Traditional routing software is made as a one process program which provides all of the routing protocol functionalities. Zebra takes a different approach. It is made from a collection of several daemons that work together to build the routing table. There may be several protocol-specific routing daemons and zebra the kernel routing manager.
The ripd
daemon handles the RIP protocol, while
ospfd
is a daemon which supports OSPF version 2.
bgpd
supports the BGP-4 protocol. For changing the kernel
routing table and for redistribution of routes between different routing
protocols, there is a kernel routing table manager zebra
daemon. It is easy to add a new routing protocol daemons to the entire
routing system without affecting any other software. You need to run only
the protocol daemon associated with routing protocols in use. Thus,
user may run a specific daemon and send routing reports to a central
routing console.
There is no need for these daemons to be running on the same machine. You can even run several same protocol daemons on the same machine. This architecture creates new possibilities for the routing system.
+----+ +----+ +-----+ +-----+ |bgpd| |ripd| |ospfd| |zebra| +----+ +----+ +-----+ +-----+ | +---------------------------|--+ | v | | UNIX Kernel routing table | | | +------------------------------+ Zebra System Architecture
Multi-process architecture brings extensibility, modularity and
maintainability. At the same time it also brings many configuration
files and terminal interfaces. Each daemon has it's own configuration
file and terminal interface. When you configure a static route, it must
be done in zebra
configuration file. When you configure BGP
network it must be done in bgpd
configuration file. This can be a
very annoying thing. To resolve the problem, Zebra provides integrated
user interface shell called vtysh
. vtysh
connects to
each daemon with UNIX domain socket and then works as a proxy for user input.

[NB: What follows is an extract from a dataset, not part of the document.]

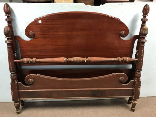 55" Mahogany Mini Post Full Size Bed, has chips and scratches, has wood rails. 55" Mahogany Mini Post Full Size Bed, has chips and scratches, has wood rails.

Zebra was planned to use multi-threaded mechanism when it runs with a
kernel that supports multi-threads. But at the moment, the thread
library which comes with GNU/Linux or FreeBSD has some problems with
running reliable services such as routing software, so we don't use
threads at all. Instead we use the select(2)
system call for
multiplexing the events.
When zebra
runs under a GNU Hurd kernel it will act as a
kernel routing table itself. Under GNU Hurd, all TCP/IP services are
provided by user processes called pfinet
. Zebra will provide
all the routing selection mechanisms for the process. This feature will
be implemented when GNU Hurd becomes stable.